▶ _Supplied data_:
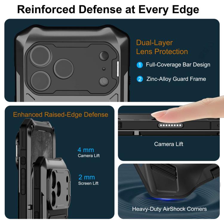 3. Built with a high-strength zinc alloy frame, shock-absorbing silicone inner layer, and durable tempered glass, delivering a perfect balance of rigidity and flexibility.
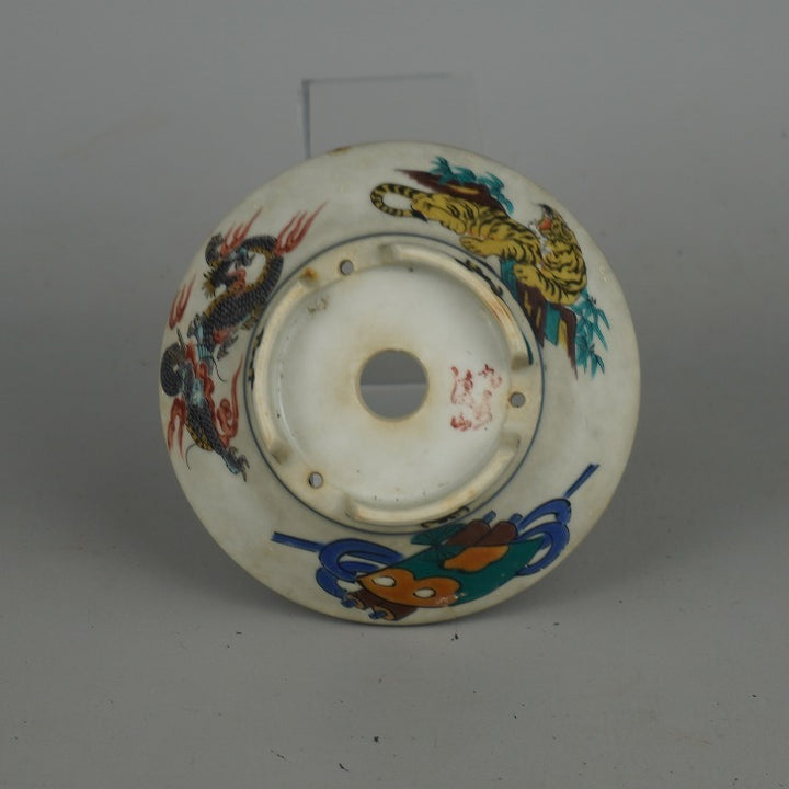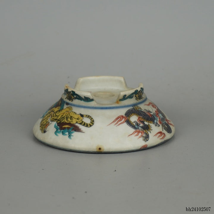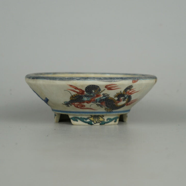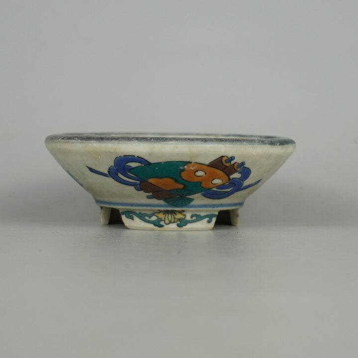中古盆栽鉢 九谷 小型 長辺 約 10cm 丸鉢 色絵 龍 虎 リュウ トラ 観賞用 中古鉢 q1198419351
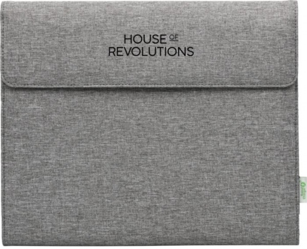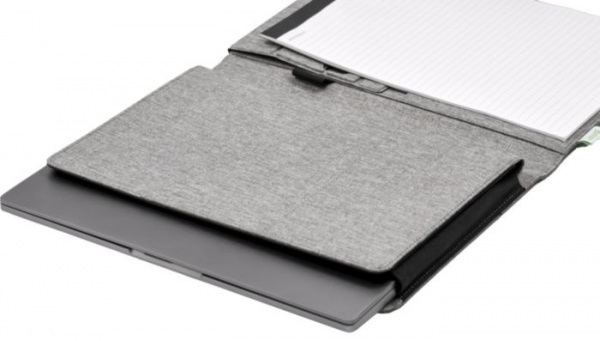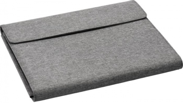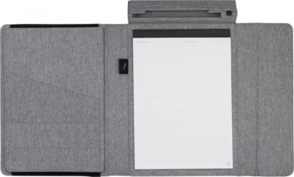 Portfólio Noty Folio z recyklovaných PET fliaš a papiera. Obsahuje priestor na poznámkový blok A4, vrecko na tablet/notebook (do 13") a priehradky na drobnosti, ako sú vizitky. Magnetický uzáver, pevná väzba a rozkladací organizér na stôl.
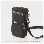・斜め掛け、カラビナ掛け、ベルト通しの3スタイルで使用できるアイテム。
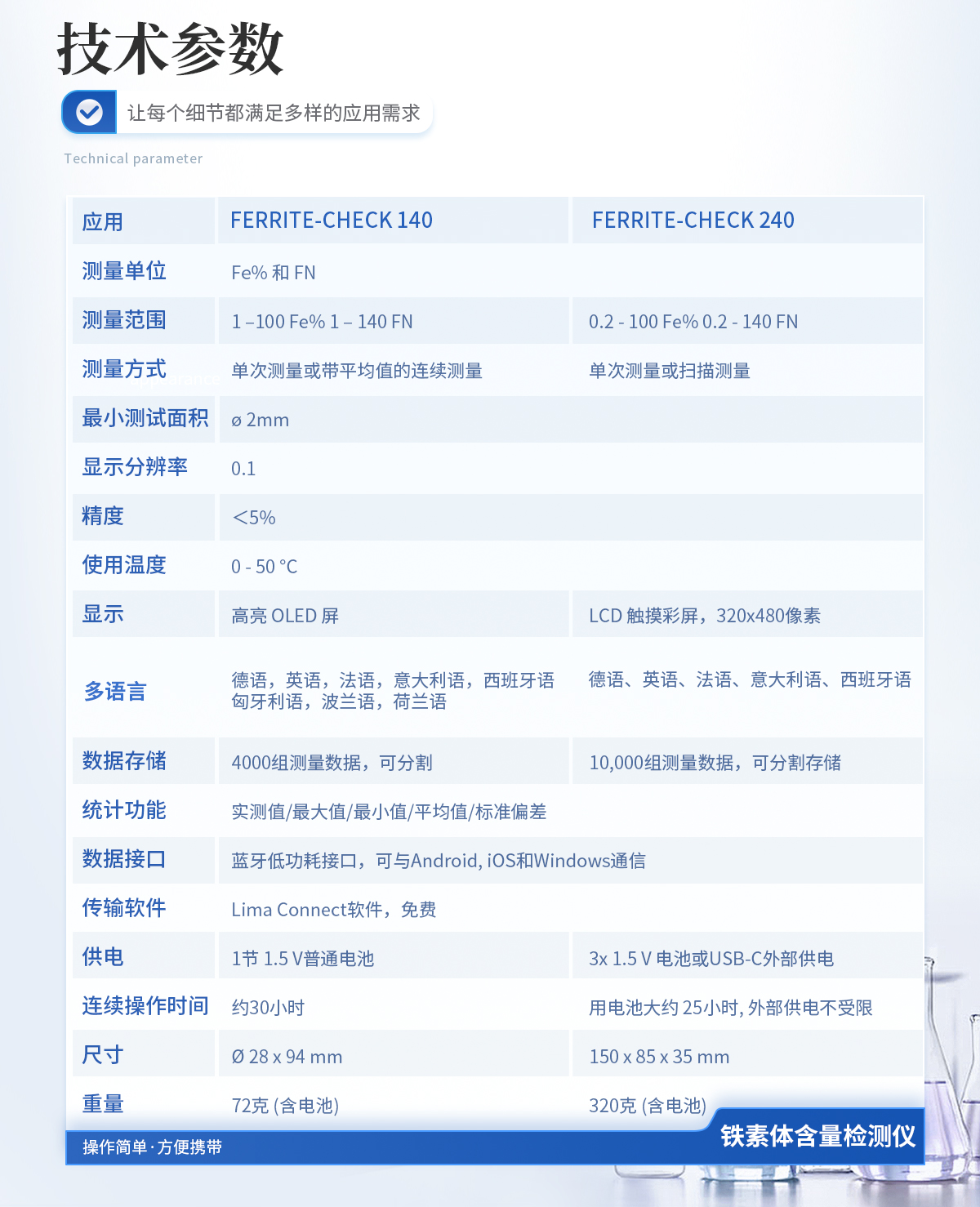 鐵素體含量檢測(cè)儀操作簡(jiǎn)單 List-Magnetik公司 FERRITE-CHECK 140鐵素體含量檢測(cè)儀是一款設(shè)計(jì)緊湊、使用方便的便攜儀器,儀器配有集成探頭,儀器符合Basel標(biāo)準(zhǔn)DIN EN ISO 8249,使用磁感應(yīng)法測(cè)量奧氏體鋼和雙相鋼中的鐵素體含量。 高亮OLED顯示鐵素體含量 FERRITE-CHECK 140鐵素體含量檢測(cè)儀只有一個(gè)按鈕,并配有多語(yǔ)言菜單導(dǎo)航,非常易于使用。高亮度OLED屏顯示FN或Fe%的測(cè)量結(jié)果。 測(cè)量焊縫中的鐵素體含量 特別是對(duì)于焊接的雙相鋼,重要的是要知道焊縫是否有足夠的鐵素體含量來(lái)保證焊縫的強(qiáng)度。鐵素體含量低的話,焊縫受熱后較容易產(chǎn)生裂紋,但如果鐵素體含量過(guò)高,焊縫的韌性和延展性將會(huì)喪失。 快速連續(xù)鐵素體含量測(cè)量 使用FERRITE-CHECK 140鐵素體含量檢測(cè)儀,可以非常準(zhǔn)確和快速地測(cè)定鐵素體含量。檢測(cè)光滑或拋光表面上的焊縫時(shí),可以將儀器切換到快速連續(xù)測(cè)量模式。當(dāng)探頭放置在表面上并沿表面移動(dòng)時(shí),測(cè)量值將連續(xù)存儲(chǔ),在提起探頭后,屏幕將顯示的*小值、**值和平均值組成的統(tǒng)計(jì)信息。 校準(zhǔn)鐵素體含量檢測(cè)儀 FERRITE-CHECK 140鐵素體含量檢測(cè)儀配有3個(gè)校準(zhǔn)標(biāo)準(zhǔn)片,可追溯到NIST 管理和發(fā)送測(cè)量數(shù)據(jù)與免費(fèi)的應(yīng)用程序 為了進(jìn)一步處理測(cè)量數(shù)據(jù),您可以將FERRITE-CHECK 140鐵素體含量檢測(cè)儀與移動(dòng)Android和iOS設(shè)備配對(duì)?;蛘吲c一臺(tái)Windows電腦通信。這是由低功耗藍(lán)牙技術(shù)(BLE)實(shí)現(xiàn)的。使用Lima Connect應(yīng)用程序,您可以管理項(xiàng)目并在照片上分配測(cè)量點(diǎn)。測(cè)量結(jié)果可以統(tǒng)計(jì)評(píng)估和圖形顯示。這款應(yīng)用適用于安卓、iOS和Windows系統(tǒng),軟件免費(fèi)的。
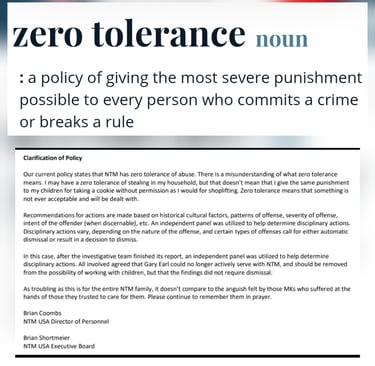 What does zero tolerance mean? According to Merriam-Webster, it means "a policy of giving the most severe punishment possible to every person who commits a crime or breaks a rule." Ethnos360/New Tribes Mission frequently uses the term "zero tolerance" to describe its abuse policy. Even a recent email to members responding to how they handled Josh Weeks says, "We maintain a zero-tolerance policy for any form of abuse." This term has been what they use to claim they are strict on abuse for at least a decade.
==
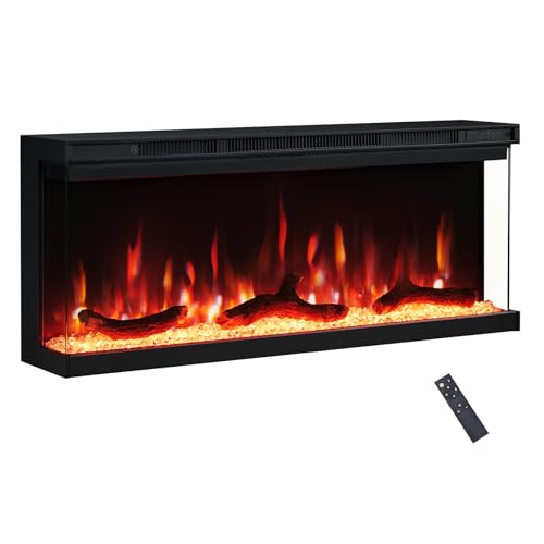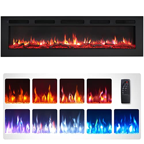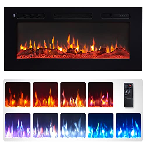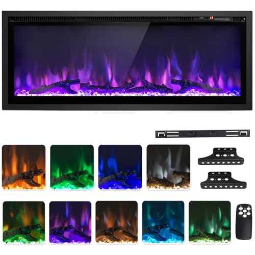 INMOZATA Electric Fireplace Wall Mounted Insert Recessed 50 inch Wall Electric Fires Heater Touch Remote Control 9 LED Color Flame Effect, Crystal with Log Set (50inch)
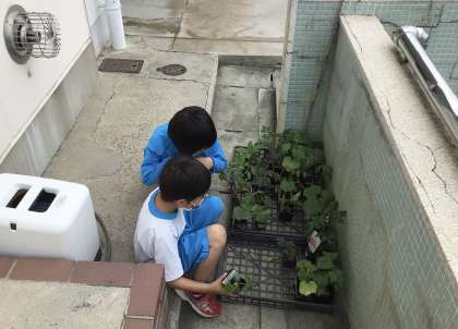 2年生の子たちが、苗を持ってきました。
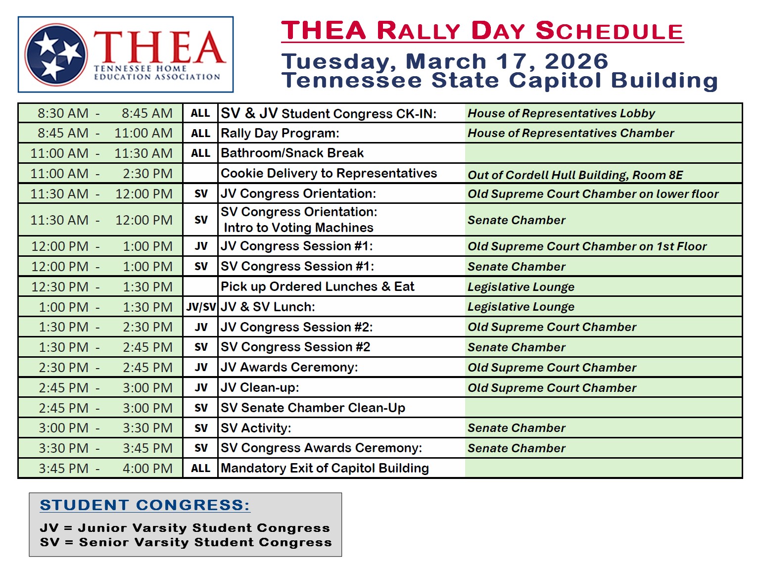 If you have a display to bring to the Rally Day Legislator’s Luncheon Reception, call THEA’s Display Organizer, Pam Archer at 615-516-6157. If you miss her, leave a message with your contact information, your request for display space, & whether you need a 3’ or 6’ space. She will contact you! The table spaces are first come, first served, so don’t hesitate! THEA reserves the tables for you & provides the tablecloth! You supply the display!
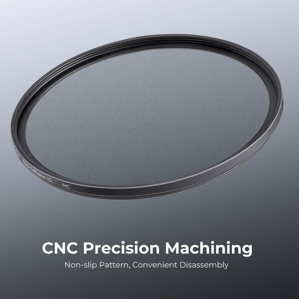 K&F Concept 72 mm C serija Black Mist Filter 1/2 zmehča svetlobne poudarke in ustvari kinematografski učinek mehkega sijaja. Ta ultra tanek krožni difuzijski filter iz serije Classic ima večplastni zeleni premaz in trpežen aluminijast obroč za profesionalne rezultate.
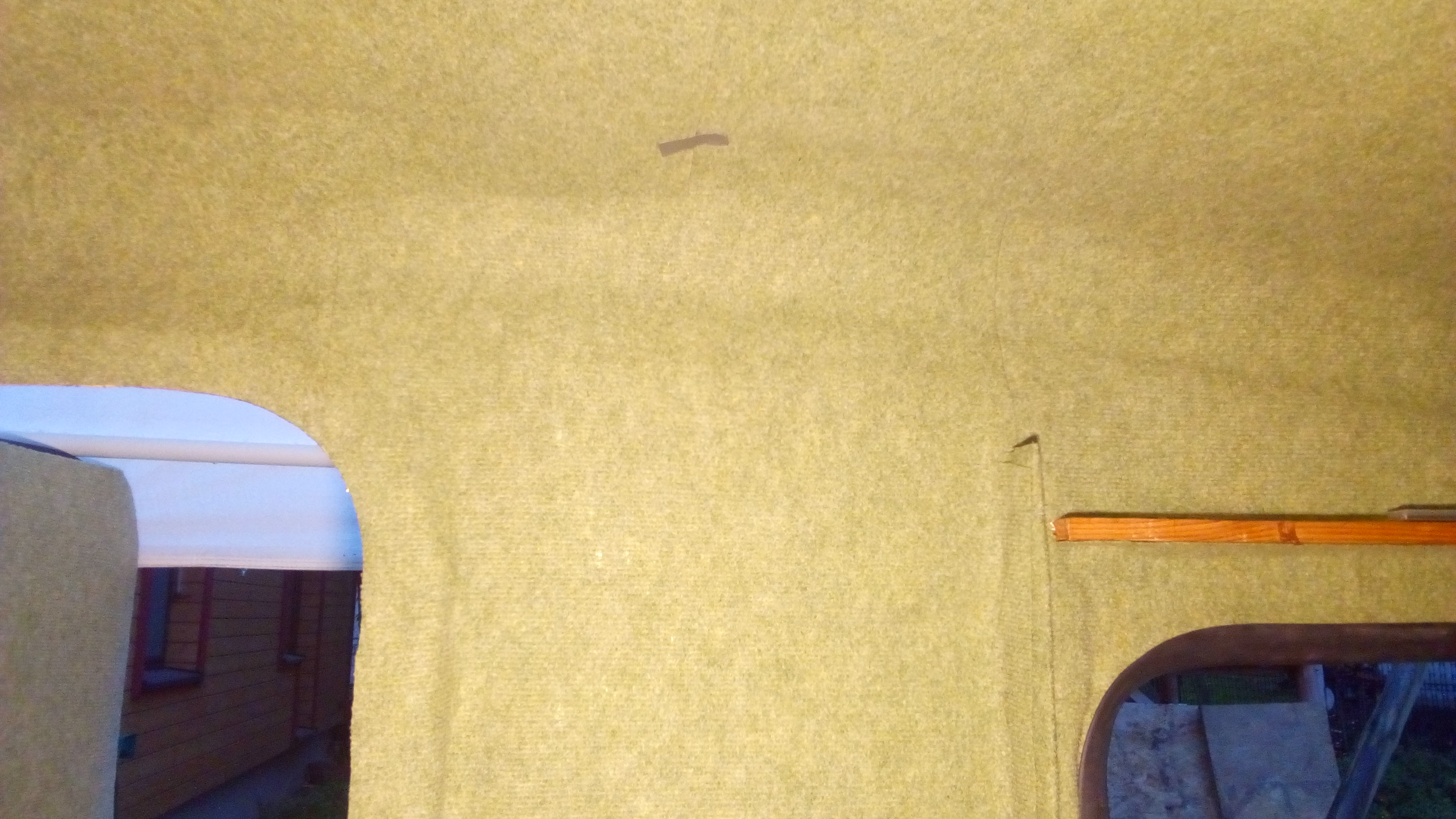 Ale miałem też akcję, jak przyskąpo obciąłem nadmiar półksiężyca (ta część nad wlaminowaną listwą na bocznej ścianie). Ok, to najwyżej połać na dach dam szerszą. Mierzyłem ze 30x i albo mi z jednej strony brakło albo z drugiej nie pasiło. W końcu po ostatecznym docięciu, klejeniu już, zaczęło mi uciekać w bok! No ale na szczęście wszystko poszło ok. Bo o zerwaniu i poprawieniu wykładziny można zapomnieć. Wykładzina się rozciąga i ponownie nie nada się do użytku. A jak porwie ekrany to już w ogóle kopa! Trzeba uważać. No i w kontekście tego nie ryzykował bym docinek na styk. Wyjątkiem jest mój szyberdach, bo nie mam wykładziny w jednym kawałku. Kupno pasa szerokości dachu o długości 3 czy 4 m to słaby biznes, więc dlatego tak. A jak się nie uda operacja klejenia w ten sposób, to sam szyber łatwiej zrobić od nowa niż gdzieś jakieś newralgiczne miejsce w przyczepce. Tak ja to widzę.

▶ _Exercise prompt_:
Starting from the line with "INMOZATA Electric Fireplace" in the records above, repeat each line exactly until you have written the line with "2年生の子たちが、苗を持ってきました。", then stop; drop the pictures.

▶ _Answer to this problem_:
 INMOZATA Electric Fireplace Wall Mounted Insert Recessed 50 inch Wall Electric Fires Heater Touch Remote Control 9 LED Color Flame Effect, Crystal with Log Set (50inch)
 2年生の子たちが、苗を持ってきました。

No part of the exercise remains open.